A physical pendulum consists of a disc of radius R and mass m fixed at the end of a rod of mass m and length l .
(a) Find the period of the pendulum for small angles of oscillation. Express your answer in terms of m, R, l and acceleration due to gravity g as needed (enter m for m, R for R, l for l, g for g and pi for π).
Tfixed=
(b) For small angles of oscillation, what is the new period of oscillation if the disk is mounted to the rod by a frictionless bearing so that it is perfectly free to spin?

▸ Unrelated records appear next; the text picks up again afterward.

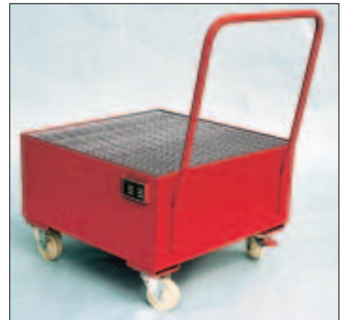
Typ Wannenmaße (LxBxH mm) 2004 lack. 800 x 800 x 550 2005 verz.
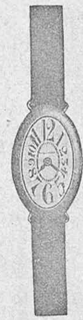
CHAPADO Desde 60 pesetas

Unica casa que cuenta con taller para toda clase de composturas en joyas, relojes, gramófonos y óptica; se hacen toda clase de recetas de los señores oculistas.
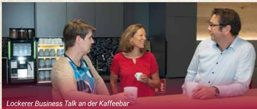
Lockerer Business Talk an der Kaffeebar

Im Sommer sorgt die Deckenkühlung für ein angenehmes Klima. Dekorative Grünpflanzen lockern die Räumlichkeiten auf und sorgen für einen grünen Touch.
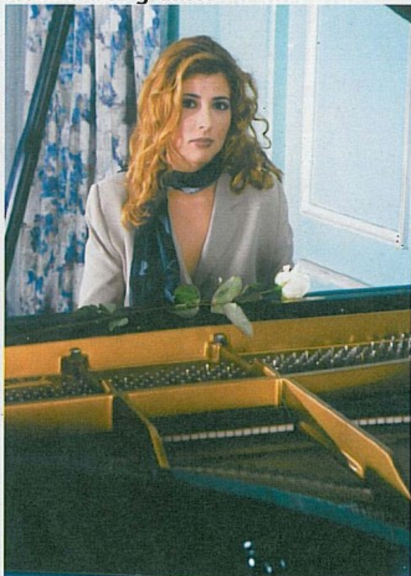
Za značajan doprinos u razvoju muzičke pedagogije, udruženje muzičkih pedagoga FBiH Milici je dodijelilo priznanje
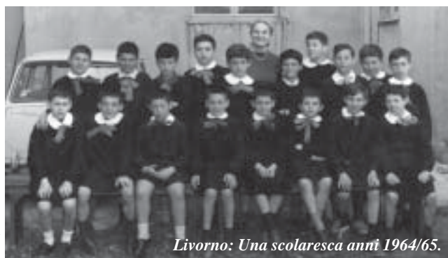
Livorno: Una scolaresca anni 1964/65.
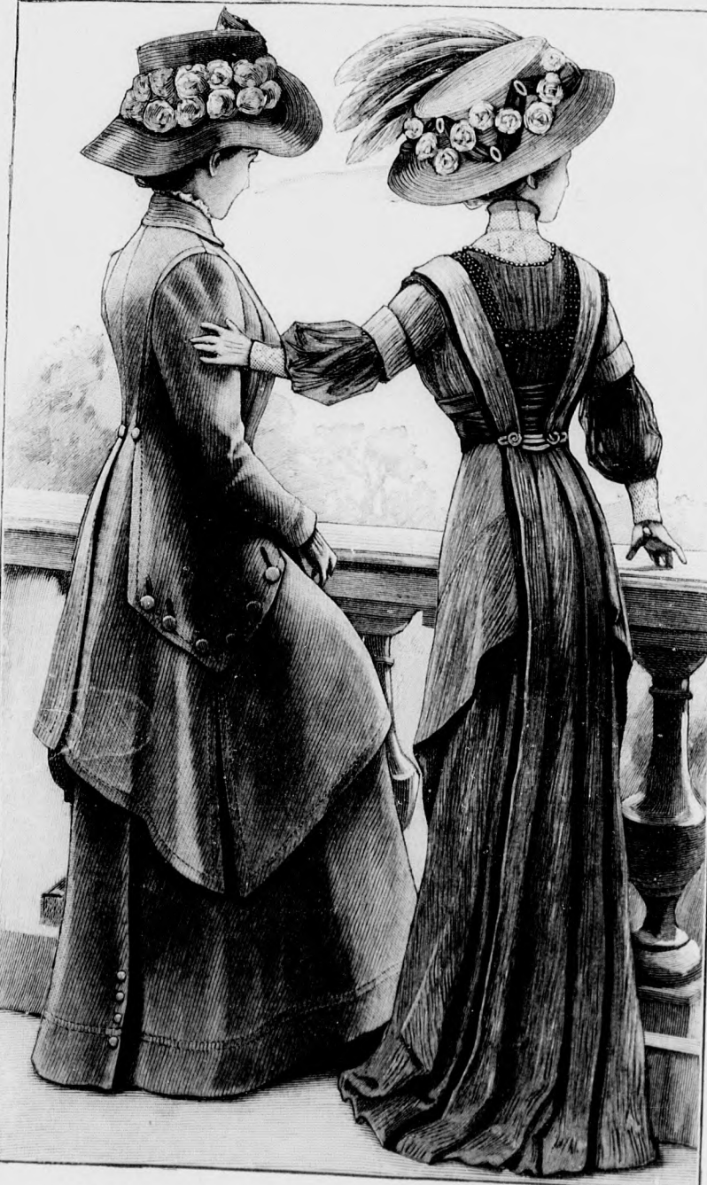
52. sz. Ujszabásu kabátos ruha; mideresalj. Félig testhezálló kabát. Ehhez 58. sz.

Sajátos magában egy- szerű mideres alj elkészítése. Míg a haranglap jobb fele teljes hosszában simán az előli lapra fekszik, a bal felet tunikaszerűen szabjuk. Az alj lapját a kis rajz 103-105. fig. szerint szabjuk. A haranglapot a 164. fig. szerint közepén előli egyben szabjuk, 11-től 31-ig a jobb alj fél szá- mára pedig csupán az alsó szeg- ély nyúló körvonalig, a baloldali számára pedig a csipkézott kör- vonalig. A 165. fig. szerinti előli lapnak jobb felet szintén a kör- vonalig és a bal a külső szeg- élyes kivágásig szabjuk. A har- ranglapok széleit a betűjelzések szerint aláfelel előli lapra tűz- zük, kép szerint ügyelve arra
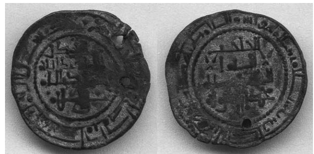
Taifa de Badajoz. Dirham de Umar al-Mutawakil, 460 H. Ceca de Al Andalus. Colección Tonegawa

Se continúa igualmente la acuñación a nombre de Hixén II, y la ceca de Al Andalus que, en este caso, es indudablemente Valencia.
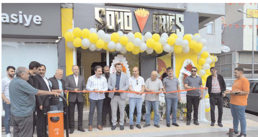
Yapılan duanın ardından açılış kurdelesini kesildi.
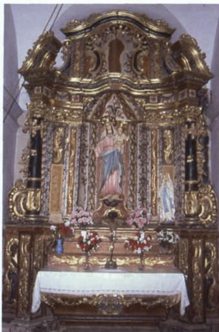
6. Altar de la Mare de Déu del Roser (5).
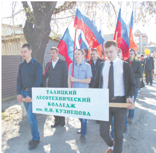
Шествие праздничной колонны
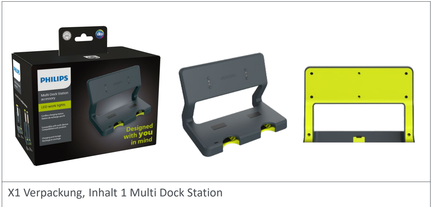
X1 Verpackung, Inhalt 1 Multi Dock Station
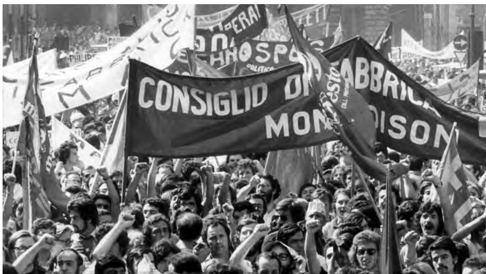
Manifestanti con striscioni, Roma 1974

Express your answer in terms of m, R, l and acceleration due to gravity g as needed (enter m for m, R for R, l for l, g for g and pi for π).
Tfree=
Tfixed=2*pi*((8*l^2+3*R^2)/(9*g*l))^(1/2)
but i haven't yet checked my answer for Tfree.
Tfree=2*pi*((8*l^2)/(9*g*l))^(1/2)
To find the period of a pendulum, we can use the equation:
T = 2π√(I/mgd)
where T is the period, I is the moment of inertia, m is the mass, g is acceleration due to gravity, and d is the distance of the center of mass from the pivot point.
For a physical pendulum, the moment of inertia is given by:
I = Icm + mR^2
where Icm is the moment of inertia of the disc about its center of mass, and mR^2 is the moment of inertia of the rod about its pivot point.
(a) For small angles of oscillation, we can assume that the center of mass of the pendulum stays at a fixed distance from the pivot point. Therefore, the distance d is equal to the length of the rod, l. The moment of inertia of the disc about its center of mass and the moment of inertia of the rod about its pivot point can be calculated using the known formulas.
Icm = (1/2)mR^2
mR^2 = (1/3)mR^2 (for a rod rotating about one of its ends)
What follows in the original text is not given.